#### Description of the task:
These entries are to be set down again exactly.

──────────────────────────────

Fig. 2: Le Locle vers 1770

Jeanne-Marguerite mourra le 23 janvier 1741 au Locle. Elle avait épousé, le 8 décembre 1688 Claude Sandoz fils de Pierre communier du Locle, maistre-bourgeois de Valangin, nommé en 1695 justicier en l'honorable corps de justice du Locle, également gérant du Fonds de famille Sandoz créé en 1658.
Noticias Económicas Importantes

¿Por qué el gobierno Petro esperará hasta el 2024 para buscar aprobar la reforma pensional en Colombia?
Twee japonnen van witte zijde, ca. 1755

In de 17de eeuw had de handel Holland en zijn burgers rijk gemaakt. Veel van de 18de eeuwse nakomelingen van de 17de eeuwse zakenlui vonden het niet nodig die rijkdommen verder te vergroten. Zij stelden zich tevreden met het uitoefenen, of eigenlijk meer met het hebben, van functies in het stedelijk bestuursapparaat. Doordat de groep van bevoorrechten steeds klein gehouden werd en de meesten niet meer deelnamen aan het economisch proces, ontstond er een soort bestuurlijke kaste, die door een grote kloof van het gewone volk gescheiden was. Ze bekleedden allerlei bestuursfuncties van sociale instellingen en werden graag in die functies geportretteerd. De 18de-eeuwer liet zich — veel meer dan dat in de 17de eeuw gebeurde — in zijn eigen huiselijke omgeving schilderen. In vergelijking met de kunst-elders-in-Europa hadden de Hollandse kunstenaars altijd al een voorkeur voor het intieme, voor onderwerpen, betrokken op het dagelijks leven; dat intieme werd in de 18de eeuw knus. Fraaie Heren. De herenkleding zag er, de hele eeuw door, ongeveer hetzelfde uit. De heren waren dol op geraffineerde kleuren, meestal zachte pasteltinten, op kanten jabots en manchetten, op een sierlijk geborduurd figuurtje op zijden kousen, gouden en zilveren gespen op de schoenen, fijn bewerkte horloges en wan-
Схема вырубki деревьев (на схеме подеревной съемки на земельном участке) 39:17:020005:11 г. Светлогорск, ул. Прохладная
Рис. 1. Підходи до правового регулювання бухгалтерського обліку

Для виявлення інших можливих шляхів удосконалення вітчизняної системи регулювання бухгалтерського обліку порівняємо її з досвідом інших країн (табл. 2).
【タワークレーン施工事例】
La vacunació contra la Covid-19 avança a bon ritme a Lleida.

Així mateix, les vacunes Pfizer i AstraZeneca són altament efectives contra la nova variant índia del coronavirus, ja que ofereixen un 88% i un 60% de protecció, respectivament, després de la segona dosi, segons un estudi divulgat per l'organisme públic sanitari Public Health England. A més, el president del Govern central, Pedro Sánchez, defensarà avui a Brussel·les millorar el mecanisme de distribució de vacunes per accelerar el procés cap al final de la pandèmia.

──────────────────────────────

#### Response:
Fig. 2: Le Locle vers 1770

Jeanne-Marguerite mourra le 23 janvier 1741 au Locle. Elle avait épousé, le 8 décembre 1688 Claude Sandoz fils de Pierre communier du Locle, maistre-bourgeois de Valangin, nommé en 1695 justicier en l'honorable corps de justice du Locle, également gérant du Fonds de famille Sandoz créé en 1658.
Noticias Económicas Importantes

¿Por qué el gobierno Petro esperará hasta el 2024 para buscar aprobar la reforma pensional en Colombia?
Twee japonnen van witte zijde, ca. 1755

In de 17de eeuw had de handel Holland en zijn burgers rijk gemaakt. Veel van de 18de eeuwse nakomelingen van de 17de eeuwse zakenlui vonden het niet nodig die rijkdommen verder te vergroten. Zij stelden zich tevreden met het uitoefenen, of eigenlijk meer met het hebben, van functies in het stedelijk bestuursapparaat. Doordat de groep van bevoorrechten steeds klein gehouden werd en de meesten niet meer deelnamen aan het economisch proces, ontstond er een soort bestuurlijke kaste, die door een grote kloof van het gewone volk gescheiden was. Ze bekleedden allerlei bestuursfuncties van sociale instellingen en werden graag in die functies geportretteerd. De 18de-eeuwer liet zich — veel meer dan dat in de 17de eeuw gebeurde — in zijn eigen huiselijke omgeving schilderen. In vergelijking met de kunst-elders-in-Europa hadden de Hollandse kunstenaars altijd al een voorkeur voor het intieme, voor onderwerpen, betrokken op het dagelijks leven; dat intieme werd in de 18de eeuw knus. Fraaie Heren. De herenkleding zag er, de hele eeuw door, ongeveer hetzelfde uit. De heren waren dol op geraffineerde kleuren, meestal zachte pasteltinten, op kanten jabots en manchetten, op een sierlijk geborduurd figuurtje op zijden kousen, gouden en zilveren gespen op de schoenen, fijn bewerkte horloges en wan-
Схема вырубki деревьев (на схеме подеревной съемки на земельном участке) 39:17:020005:11 г. Светлогорск, ул. Прохладная
Рис. 1. Підходи до правового регулювання бухгалтерського обліку

Для виявлення інших можливих шляхів удосконалення вітчизняної системи регулювання бухгалтерського обліку порівняємо її з досвідом інших країн (табл. 2).
【タワークレーン施工事例】
La vacunació contra la Covid-19 avança a bon ritme a Lleida.

Així mateix, les vacunes Pfizer i AstraZeneca són altament efectives contra la nova variant índia del coronavirus, ja que ofereixen un 88% i un 60% de protecció, respectivament, després de la segona dosi, segons un estudi divulgat per l'organisme públic sanitari Public Health England. A més, el president del Govern central, Pedro Sánchez, defensarà avui a Brussel·les millorar el mecanisme de distribució de vacunes per accelerar el procés cap al final de la pandèmia.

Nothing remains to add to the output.